## Exercise description
From first line to last, copy the listing exactly and omit its pictures.

.....

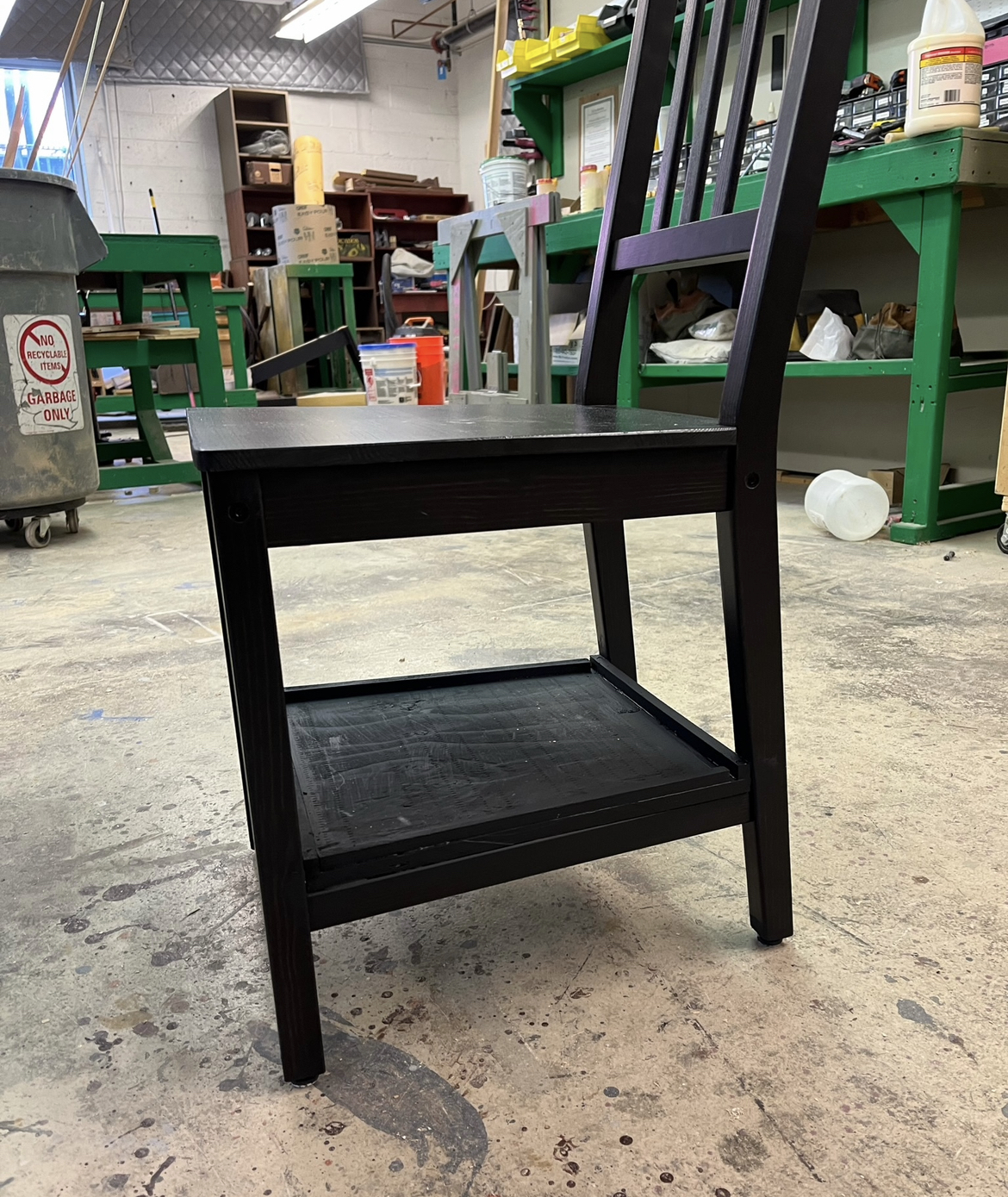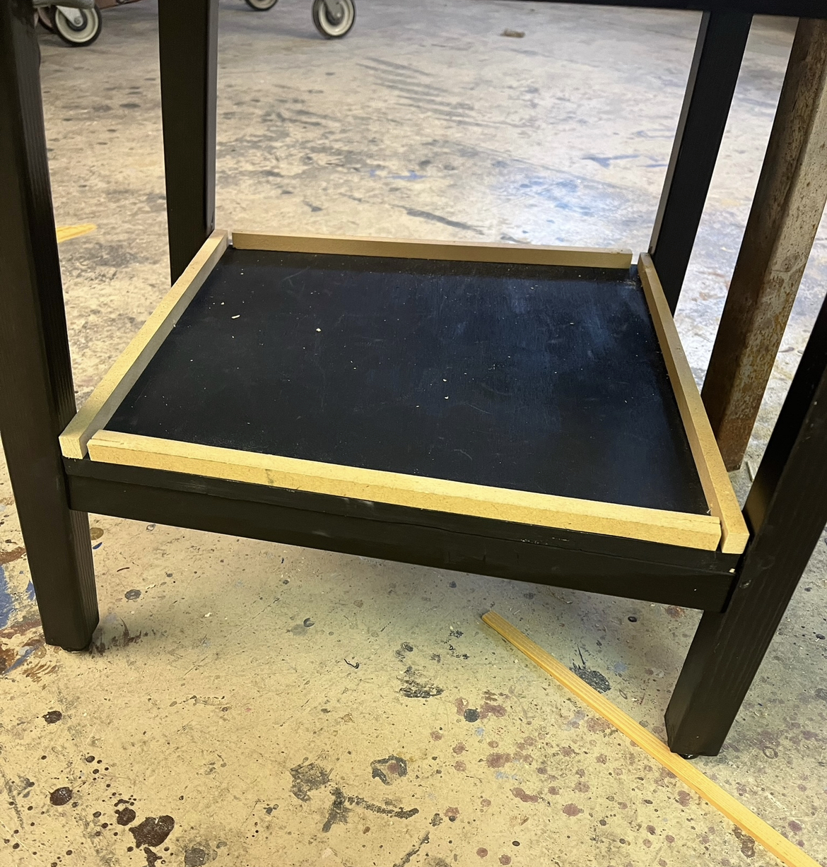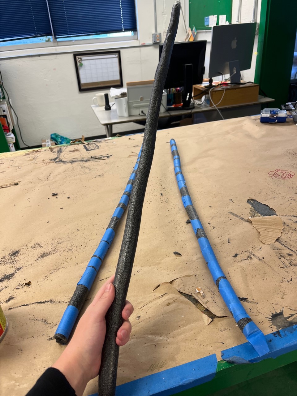 I used a jigsaw to cut out pieces for the piano bench before sanding it and assembling it with wood glue and a nail gun. I also assisted Rachel Ross in constructing the piano and adding casters. I made yardsticks for the piano teacher using the miter saw. For the students’ chairs, I cut and attached pieces of wood to the bottom for under-chair storage and painted them black. For the switches, Jay Duckworth, Rachel Ross, and I carved out the center of foam rods using a Dremel tool before adhering bamboo sticks to the inside. We did this because it made a loud noise when used, but was soft enough to not hurt anyone. We wrapped the switches with tape to allow them to dry without gaps showing the bamboo. We made twelve of these in case any of them broke.
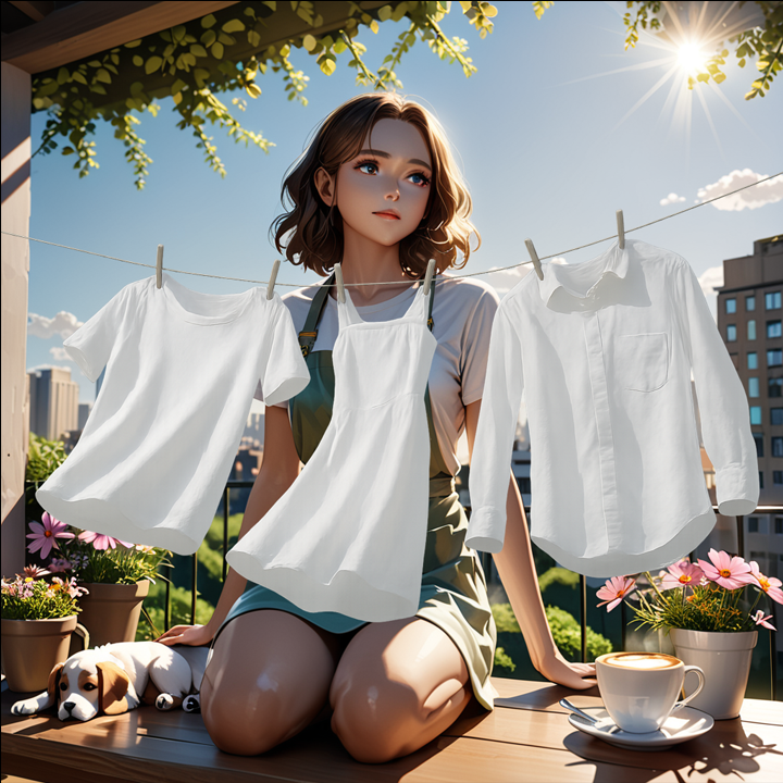 :Lo-fi bossa nova latina song with bilingual lyrics (Spanish u0026 Japanese). Female vocal slightly husky warm and natural expression front in the mix. Gentle acoustic guitar soft Latin percussion brushed drums subtle jazz bass. Afternoon sunlight atmosphere breeze through hanging laundry cozy garden vibe. Warm analog tone natural reverb soft vinyl texture. Playful rhythm but calm mood cinematic lo-fi mix with romantic and everyday charm. BPM 85 style inspired by modern bossa nova and lo-fi cafe tunes. Includes an 8-bar instrumental interlude between Verse 1 and Verse 2 featuring acoustic guitar and percussion.
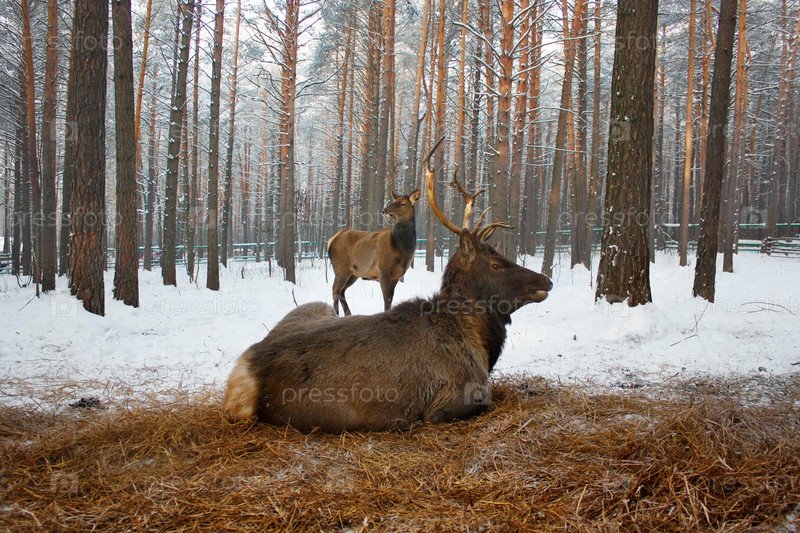Семья из двух алтайских маралов зимой в заповеднике
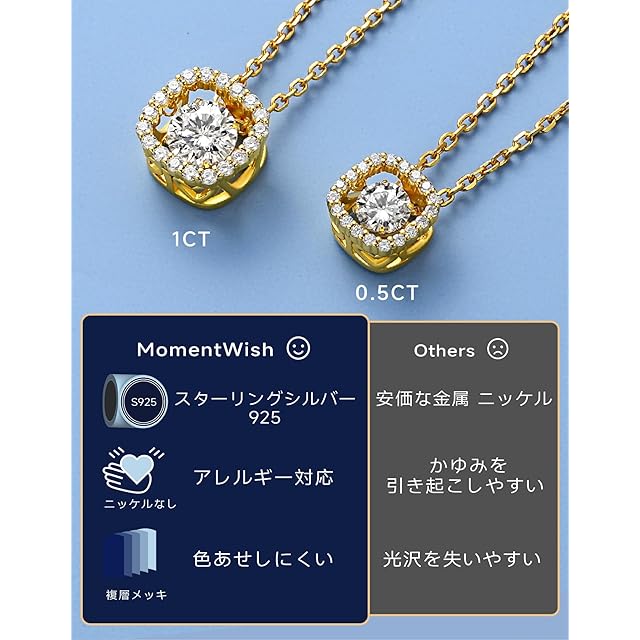製造元:MomentWish ダンシング ネックレス 0.5/1カラット ダンシングモイスサナイト ネックレス 925 スターリングシルバー ペンダント
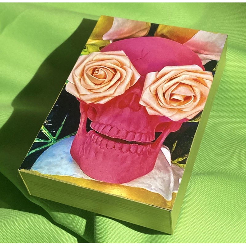 the platform of gold (death) & white(life) skulls. The pink center skull, symbolizing love & life.
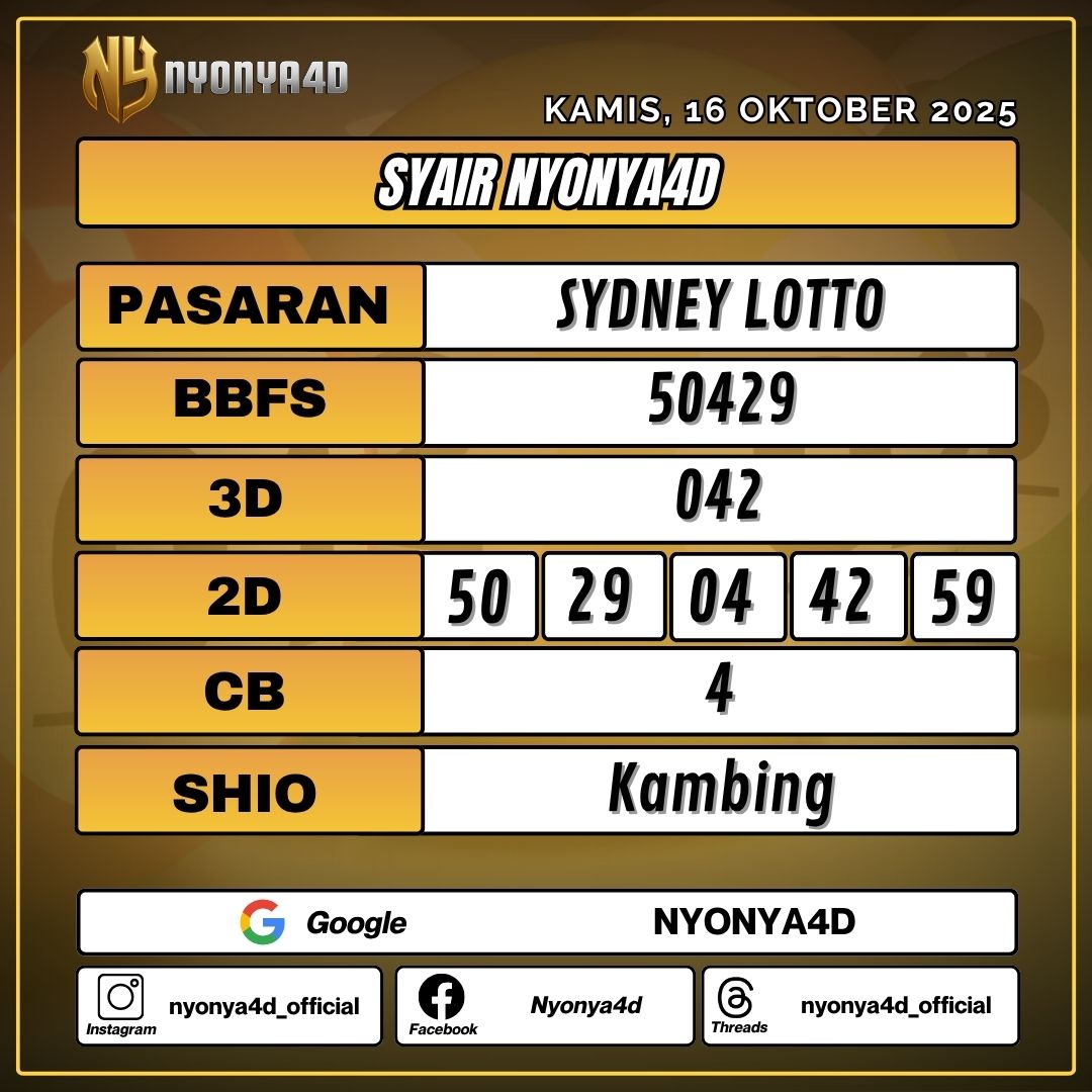 Data Keluaran dan Paito Warna Sydney merupakan kumpulan result yang diambil dari website resmi https://sydneylotto.today/ dengan tujuan untuk mempermudah master-master dalam meracik rumusan angka di pasaran Sydney. Result Pasaran Sydney setiap hari di jam 13:50 WIB
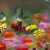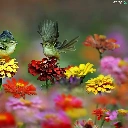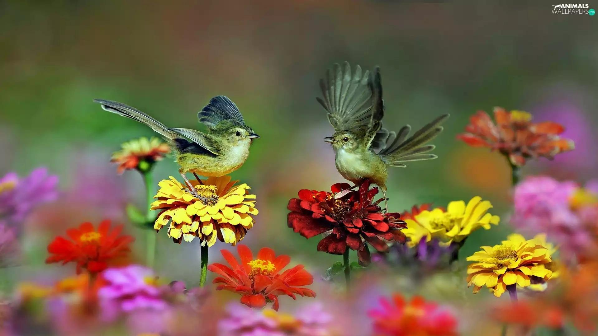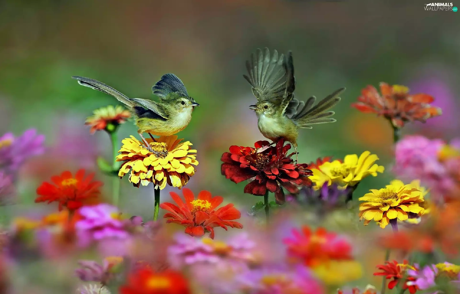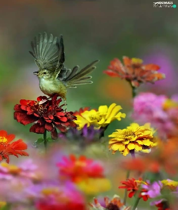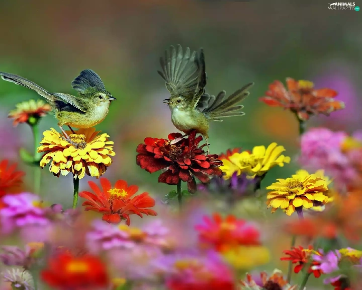 Birds on the log, Flowers, zinnia, wings
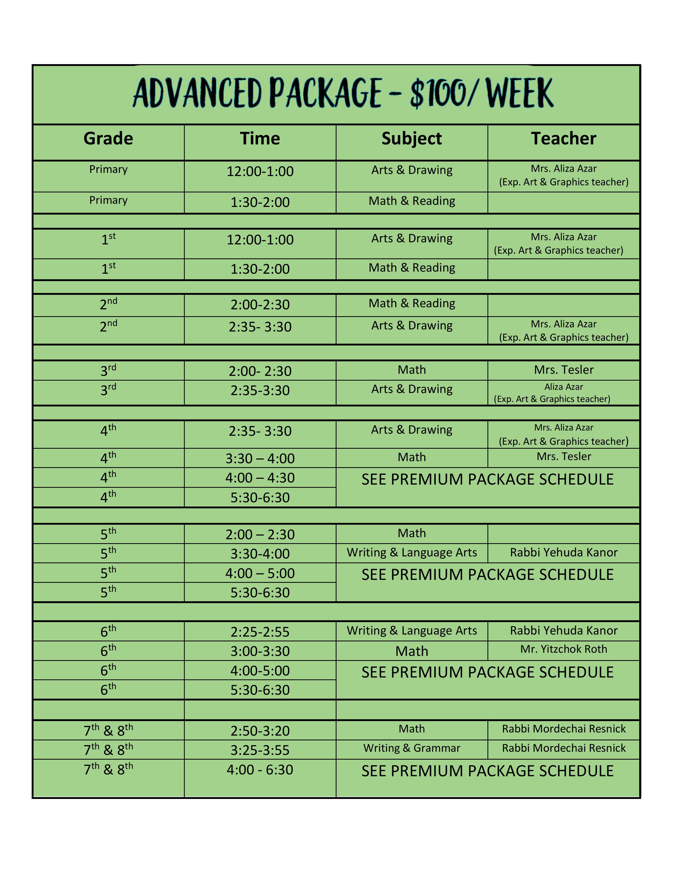 Advanced Package: $100/week. Includes access to Basic and COVID programs, plus exclusive full line of educational classes in a wide variety of General Studies subjects, including: math, science, language arts, history, and current events.
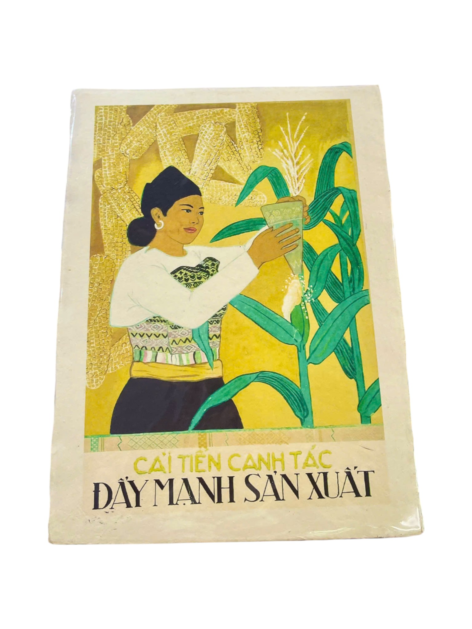 "Cải Tiến Canh Tác" Chủ đề: Thúc đẩy việc áp dụng kỹ thuật cải tiến canh tác để đẩy mạnh sản xuất nông nghiệp, cụ thể là cây ngô (bắp). Hình ảnh: Nhân vật: Một phụ nữ (có thể là người dân tộc thiểu số, dựa vào trang phục áo trắng và váy đen có họa tiết) đang đứng giữa cánh đồng ngô. Hoạt động: Cô đang kiểm tra hoặc chăm sóc một bắp ngô xanh non trên cây, với một tay che cho bắp. Xung quanh là những cây ngô cao lớn và những bắp ngô vàng đã chín rộ, tượng trưng cho vụ mùa bội thu. Thông điệp: Dòng chữ lớn dưới cùng là "CẢI TIẾN CANH TÁC ĐẨY MẠNH SẢN XUẤT" (Improve cultivation techniques, boost production). Đây là một khẩu hiệu khuyến khích khoa học hóa và hiện đại hóa nông nghiệp. Phong cách: Màu sắc tươi sáng, rực rỡ (vàng, xanh lá cây, trắng), sử dụng nét vẽ đơn giản nhưng biểu cảm, đặc trưng cho tranh tuyên truyền kinh tế.
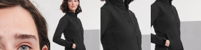 3-layer softshell fabric with breathable membrane and bonded microfleece lining, water resistant to 5000mm. Side pockets and chest pocket with inner lining, reversed zip and cord pulls. Full zip with inner storm flap and zip neck protector at collar. Bungee cord in hem. Adjustable cuffs. Drop tail. Feminine fit. Large left chest side decoration access.
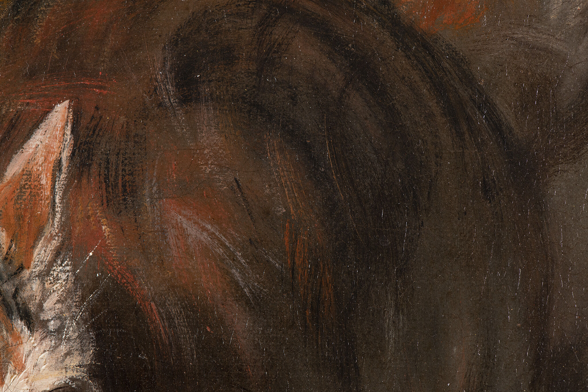 Fig. 8. Detail of the cat’s tail, illustrating Chardin’s use of background paint as the lower layer of the tail, Still Life with Cat and Fish (1728)
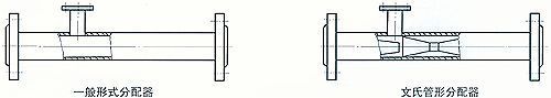 适用于二股或二股以上流体进料,当主流与次流压力不平衡时选用文氏管形分配器, 当主流与次流压力平衡时选用一般形式分配器。
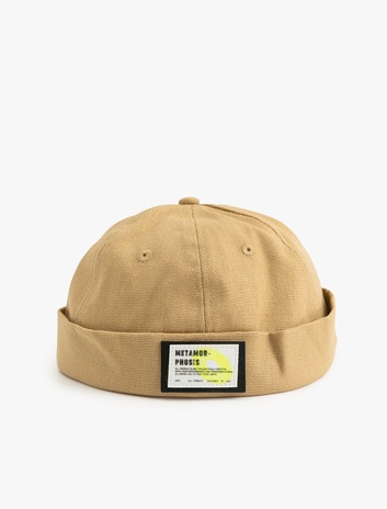 Erkek Etiket Detaylı Pamuklu Katlamalı Sipersiz Şapka
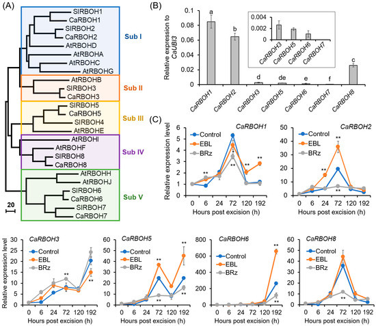The temporal changes in the expression levels of CaRBOHs during AR formation and their expression patterns in response to EBL and BRz treatments are shown in Figure 6C. The expression of CaRBOH1, CaRBOH2, and CaRBOH8 started to increase at 24 h, peaked at 72 h, and then declined. Of them, CaRBOH2 showed a 1.84-fold increase after EBL treatment at 72 h, but significantly decreased in BRz-treated explants compared with the control. For CaRBOH3 and CaRBOH6, their expression increased gradually, and at 192 h, a 20.31- and 262.46-fold increase was detected, respectively. EBL could induce and BRz could repress the expression of CaRBOH6. For CaRBOH5, its expression showed a substantial increase at both 72 and 192 h, and a significant induction was observed after EBL treatment. Combining these results, these results suggest that CaRBOH2 might be involved in EBL-induced AR initiation, CaRBOH6 might be involved in EBL-induced AR elongation, and CaRBOH5 might be involved in EBL-induced AR initiation and elongation.
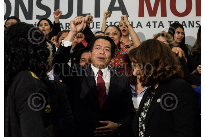 CIUDAD DE MÉXICO, 25JULIO2019.- La diputada Geraldine Ponce toma unas fotografías con su celular durante la conferencia de Mario Delgado en la que presentó la consulta “13 Desafíos para que siga la 4ta Transformación” rumbo a la renovación de Morena. FOTO: MARIO JASSO /CUARTOSCURO.COM

.....

## Exercise solution
 I used a jigsaw to cut out pieces for the piano bench before sanding it and assembling it with wood glue and a nail gun. I also assisted Rachel Ross in constructing the piano and adding casters. I made yardsticks for the piano teacher using the miter saw. For the students’ chairs, I cut and attached pieces of wood to the bottom for under-chair storage and painted them black. For the switches, Jay Duckworth, Rachel Ross, and I carved out the center of foam rods using a Dremel tool before adhering bamboo sticks to the inside. We did this because it made a loud noise when used, but was soft enough to not hurt anyone. We wrapped the switches with tape to allow them to dry without gaps showing the bamboo. We made twelve of these in case any of them broke.
 :Lo-fi bossa nova latina song with bilingual lyrics (Spanish u0026 Japanese). Female vocal slightly husky warm and natural expression front in the mix. Gentle acoustic guitar soft Latin percussion brushed drums subtle jazz bass. Afternoon sunlight atmosphere breeze through hanging laundry cozy garden vibe. Warm analog tone natural reverb soft vinyl texture. Playful rhythm but calm mood cinematic lo-fi mix with romantic and everyday charm. BPM 85 style inspired by modern bossa nova and lo-fi cafe tunes. Includes an 8-bar instrumental interlude between Verse 1 and Verse 2 featuring acoustic guitar and percussion.
Семья из двух алтайских маралов зимой в заповеднике
製造元:MomentWish ダンシング ネックレス 0.5/1カラット ダンシングモイスサナイト ネックレス 925 スターリングシルバー ペンダント
 the platform of gold (death) & white(life) skulls. The pink center skull, symbolizing love & life.
 Data Keluaran dan Paito Warna Sydney merupakan kumpulan result yang diambil dari website resmi https://sydneylotto.today/ dengan tujuan untuk mempermudah master-master dalam meracik rumusan angka di pasaran Sydney. Result Pasaran Sydney setiap hari di jam 13:50 WIB
 Birds on the log, Flowers, zinnia, wings
 Advanced Package: $100/week. Includes access to Basic and COVID programs, plus exclusive full line of educational classes in a wide variety of General Studies subjects, including: math, science, language arts, history, and current events.
 "Cải Tiến Canh Tác" Chủ đề: Thúc đẩy việc áp dụng kỹ thuật cải tiến canh tác để đẩy mạnh sản xuất nông nghiệp, cụ thể là cây ngô (bắp). Hình ảnh: Nhân vật: Một phụ nữ (có thể là người dân tộc thiểu số, dựa vào trang phục áo trắng và váy đen có họa tiết) đang đứng giữa cánh đồng ngô. Hoạt động: Cô đang kiểm tra hoặc chăm sóc một bắp ngô xanh non trên cây, với một tay che cho bắp. Xung quanh là những cây ngô cao lớn và những bắp ngô vàng đã chín rộ, tượng trưng cho vụ mùa bội thu. Thông điệp: Dòng chữ lớn dưới cùng là "CẢI TIẾN CANH TÁC ĐẨY MẠNH SẢN XUẤT" (Improve cultivation techniques, boost production). Đây là một khẩu hiệu khuyến khích khoa học hóa và hiện đại hóa nông nghiệp. Phong cách: Màu sắc tươi sáng, rực rỡ (vàng, xanh lá cây, trắng), sử dụng nét vẽ đơn giản nhưng biểu cảm, đặc trưng cho tranh tuyên truyền kinh tế.
 3-layer softshell fabric with breathable membrane and bonded microfleece lining, water resistant to 5000mm. Side pockets and chest pocket with inner lining, reversed zip and cord pulls. Full zip with inner storm flap and zip neck protector at collar. Bungee cord in hem. Adjustable cuffs. Drop tail. Feminine fit. Large left chest side decoration access.
 Fig. 8. Detail of the cat’s tail, illustrating Chardin’s use of background paint as the lower layer of the tail, Still Life with Cat and Fish (1728)
 适用于二股或二股以上流体进料,当主流与次流压力不平衡时选用文氏管形分配器, 当主流与次流压力平衡时选用一般形式分配器。
 Erkek Etiket Detaylı Pamuklu Katlamalı Sipersiz Şapka
The temporal changes in the expression levels of CaRBOHs during AR formation and their expression patterns in response to EBL and BRz treatments are shown in Figure 6C. The expression of CaRBOH1, CaRBOH2, and CaRBOH8 started to increase at 24 h, peaked at 72 h, and then declined. Of them, CaRBOH2 showed a 1.84-fold increase after EBL treatment at 72 h, but significantly decreased in BRz-treated explants compared with the control. For CaRBOH3 and CaRBOH6, their expression increased gradually, and at 192 h, a 20.31- and 262.46-fold increase was detected, respectively. EBL could induce and BRz could repress the expression of CaRBOH6. For CaRBOH5, its expression showed a substantial increase at both 72 and 192 h, and a significant induction was observed after EBL treatment. Combining these results, these results suggest that CaRBOH2 might be involved in EBL-induced AR initiation, CaRBOH6 might be involved in EBL-induced AR elongation, and CaRBOH5 might be involved in EBL-induced AR initiation and elongation.
 CIUDAD DE MÉXICO, 25JULIO2019.- La diputada Geraldine Ponce toma unas fotografías con su celular durante la conferencia de Mario Delgado en la que presentó la consulta “13 Desafíos para que siga la 4ta Transformación” rumbo a la renovación de Morena. FOTO: MARIO JASSO /CUARTOSCURO.COM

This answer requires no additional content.